> Supplied information
⟨
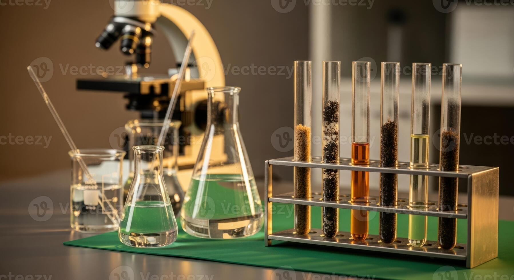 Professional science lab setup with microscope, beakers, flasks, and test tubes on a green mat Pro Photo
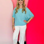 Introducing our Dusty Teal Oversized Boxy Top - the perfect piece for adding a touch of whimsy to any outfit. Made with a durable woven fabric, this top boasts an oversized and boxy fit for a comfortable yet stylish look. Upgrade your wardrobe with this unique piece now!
⟩
⟨
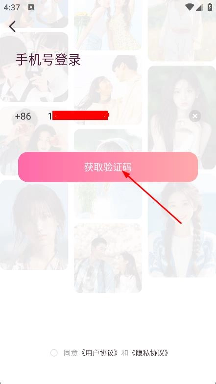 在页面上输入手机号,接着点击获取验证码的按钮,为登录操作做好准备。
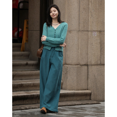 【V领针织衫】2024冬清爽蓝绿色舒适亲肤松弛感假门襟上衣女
⟩
⟨
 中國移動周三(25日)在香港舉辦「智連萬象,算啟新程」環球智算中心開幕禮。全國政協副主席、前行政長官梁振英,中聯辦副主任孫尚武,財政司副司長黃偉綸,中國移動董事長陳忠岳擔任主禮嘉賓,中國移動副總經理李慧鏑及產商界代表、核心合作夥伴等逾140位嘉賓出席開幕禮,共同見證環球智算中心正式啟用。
⟩
> What is expected
Excluding any pictures, print exactly the lines of the listing above from the line with "Professional science lab" to the line with "Introducing our Dusty", both ends included.

> Written response
 Professional science lab setup with microscope, beakers, flasks, and test tubes on a green mat Pro Photo
 Introducing our Dusty Teal Oversized Boxy Top - the perfect piece for adding a touch of whimsy to any outfit. Made with a durable woven fabric, this top boasts an oversized and boxy fit for a comfortable yet stylish look. Upgrade your wardrobe with this unique piece now!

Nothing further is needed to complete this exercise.